The UK officially entered Brexit on 31 January 2020, however aspects such as trade remained as-is for a period. As it currently stands, if a trade deal is not struck with the EU by 31 December 2020, the UK will trade with the EU on World Trade Organisation rules.
One thing this may immediately effect is supply chains for materials. There is considerable cross-border supply chain integration, and the UK construction sector will be vulnerable to tariff and non-tariff barriers that could significantly impact costs. The general consensus we’ve found in the industry is that for right now, it’s imperative to place orders as far in advance as possible once contracts have been entered into. UK firms will want to fix costs with EU manufacturers to safeguard their contract prices.

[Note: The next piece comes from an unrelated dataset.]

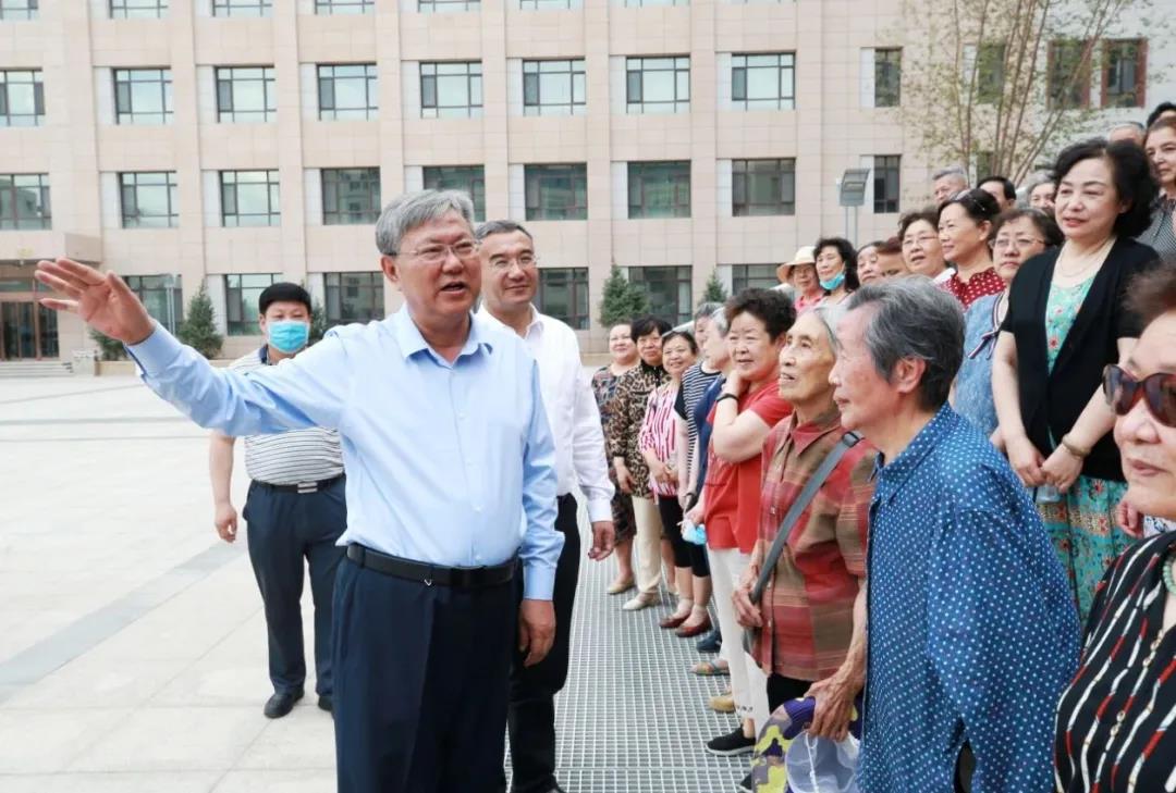 参观活动接近尾声时,高发水书记和凯赛尔·阿不都克热木校长来看望老同志们,并给大家介绍雪莲山校区的建设情况和校园现代化的设计理念。

Yet there have already been reports of a slow-down in construction due to supply issues. While we hope that this may be reversed soon, businesses within the industry should take note. Be very certain of your supply chain heading into 2021 and plan as early as possible to mitigate the effects.

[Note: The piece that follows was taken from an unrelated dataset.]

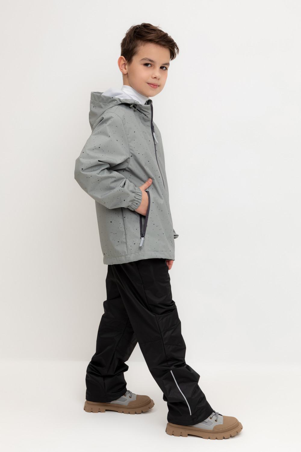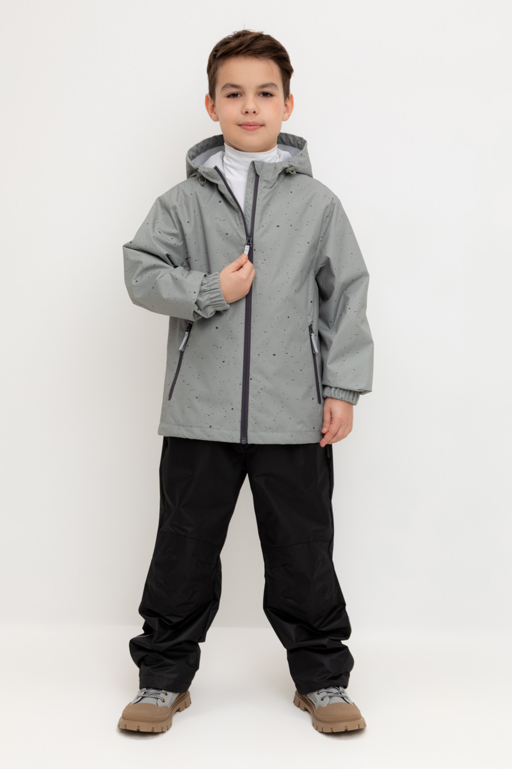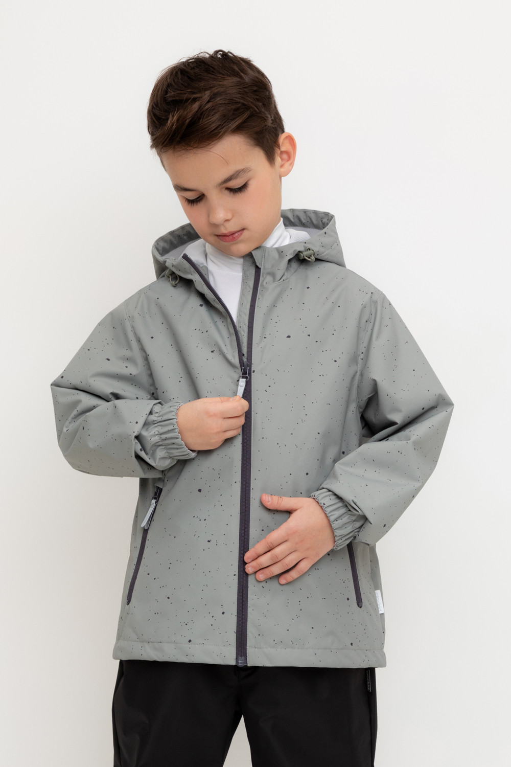 Ветровка для мальчика из мембранной ткани с дополнительной тефлоновой обработкой. Верхняя мембранная ткань 1000/1000 с тефлоновым покрытием отталкивает воду и грязь и обладает «дышащими» свойствами. Подкладка выполнена из сетки, 100% полиэстер. У изделия предусмотрена защита подбородка. Несъемный капюшон утягивается с помощью регулирующего шнура со стопперами. На рукавах эластичные манжеты. Низ изделия регулируется эластичной утяжкой со стопперами. Во всех изделиях верхнего ассортимента для безопасности ребенка предусмотрены светоотражающие элементы.

4. Adoption of cloud-based tools and remote working practices
As well as the changes to the workload and contract type, many construction companies are also having to adapt to a new way of working. From being in the office, or onsite, every single day to now working remotely from home.
At Countfire we’ve noticed an uptick in construction companies looking for cloud-based software for roles such as completing takeoff within construction estimating projects. The need for this software is two fold; many construction contractors are tendering for more work to try and keep their books filled. Without software to help automate some of the manual tasks (that also usually require a drawing board setup usually only found in the office) they just can’t complete the number of tenders required to guarantee a minimum amount of work won.
Secondly, cloud-based software allows users to access it remotely, without requiring a heavy on-premise system. Teams will need to be able to work collaboratively, even when they can’t physically be together, and be able to step in where a team mate has left off without hours of back and forth.
Adopting the right type of software will help to improve construction estimates as well as seeing peripheral benefits such as increased sustainability through removing paper-heavy processes and methods of estimating.
As we sign off for 2020, we acknowledge that it has been a difficult year and tip our hats to everyone out there in the industry, working hard to keep it going.
2021 shows promise for the construction industry and while we may have to adopt new working practices and in some cases, even new areas of expertise, we hope individual companies will band together to plan well and help the industry to remain a strong one.